■ **WHAT IS EXPECTED**
Within the records below, find the line with "tinta negra. | |" and the line with "鐵人漢堡排選用含鐵食材 黑芝麻、黑木耳、豬肉、燕麥", then reproduce exactly those two lines and all lines between them, without any picture.

■ **AVAILABLE RECORDS**
======
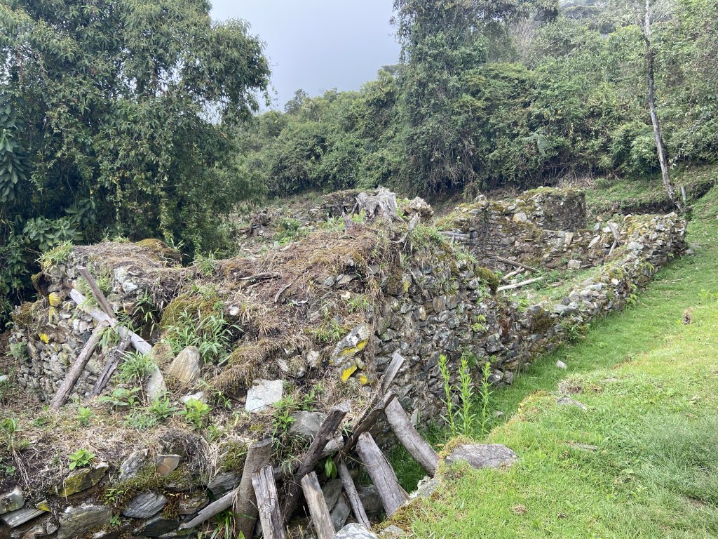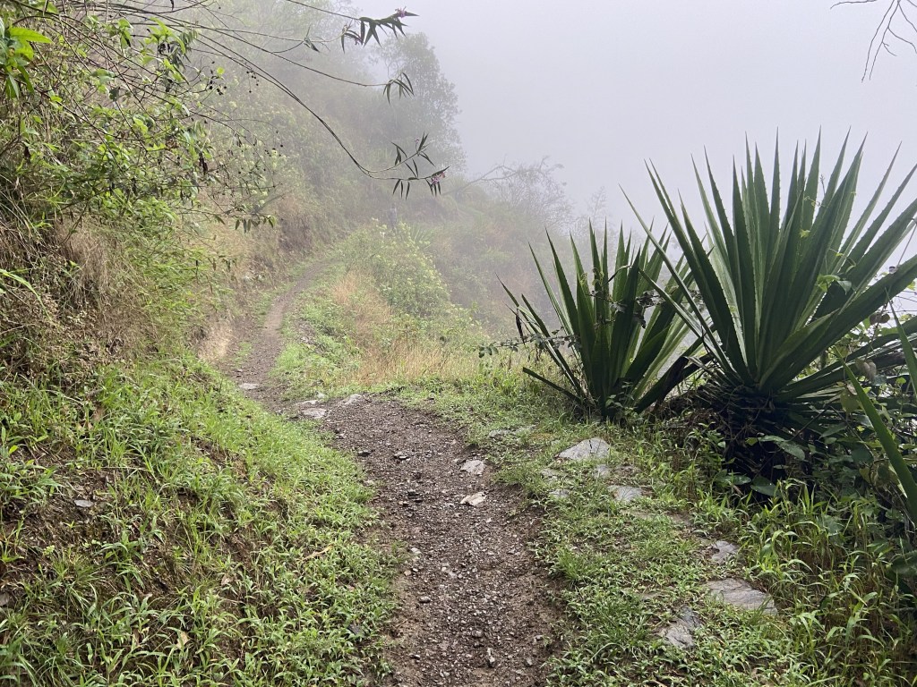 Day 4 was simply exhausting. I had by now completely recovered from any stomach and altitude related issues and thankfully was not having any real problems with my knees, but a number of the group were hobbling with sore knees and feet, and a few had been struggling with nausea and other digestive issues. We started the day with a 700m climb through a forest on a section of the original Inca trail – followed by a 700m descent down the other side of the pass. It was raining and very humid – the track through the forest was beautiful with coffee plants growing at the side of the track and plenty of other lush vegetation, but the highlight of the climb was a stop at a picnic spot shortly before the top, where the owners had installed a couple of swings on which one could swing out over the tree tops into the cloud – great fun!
======
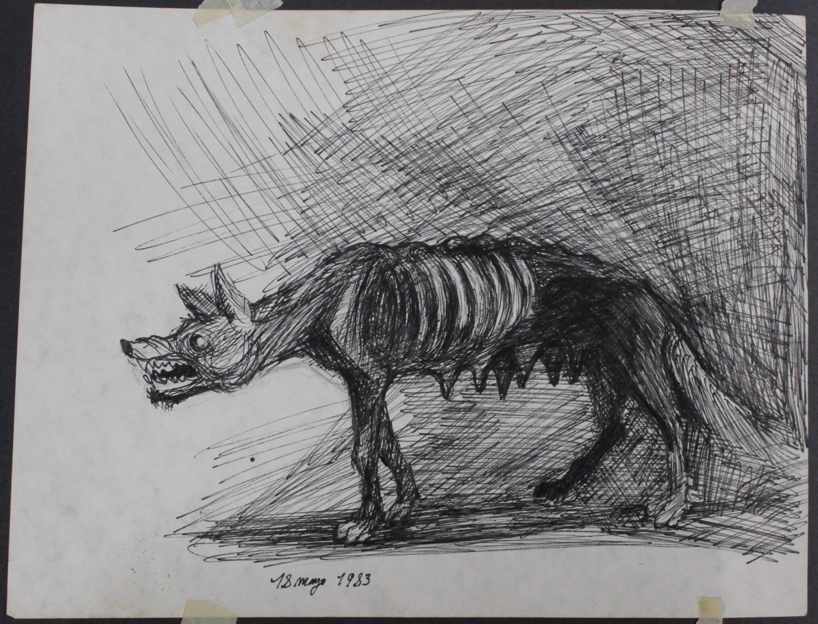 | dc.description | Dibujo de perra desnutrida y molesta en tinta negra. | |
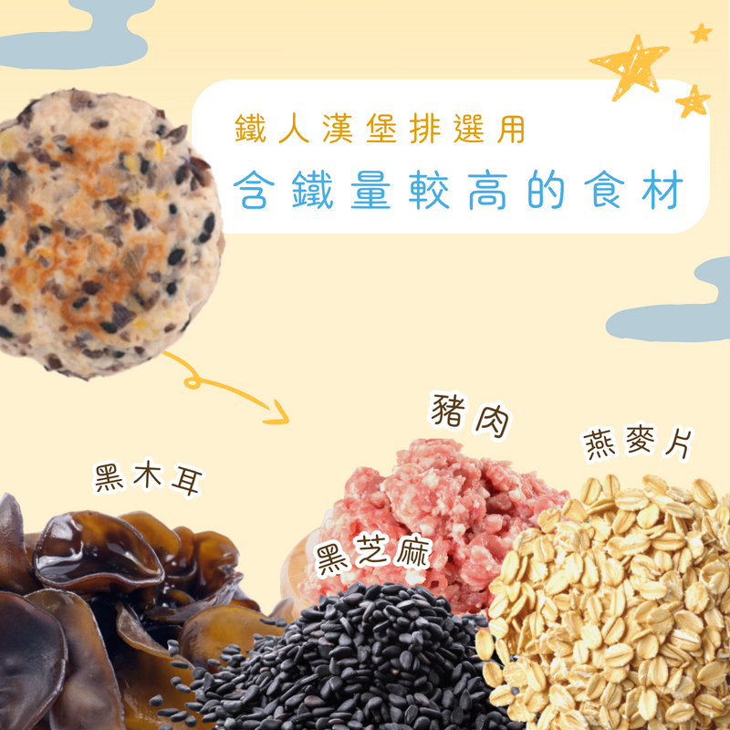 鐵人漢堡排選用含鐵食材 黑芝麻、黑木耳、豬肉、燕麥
======
■ **REPLY TO THE EXERCISE**
 | dc.description | Dibujo de perra desnutrida y molesta en tinta negra. | |
 鐵人漢堡排選用含鐵食材 黑芝麻、黑木耳、豬肉、燕麥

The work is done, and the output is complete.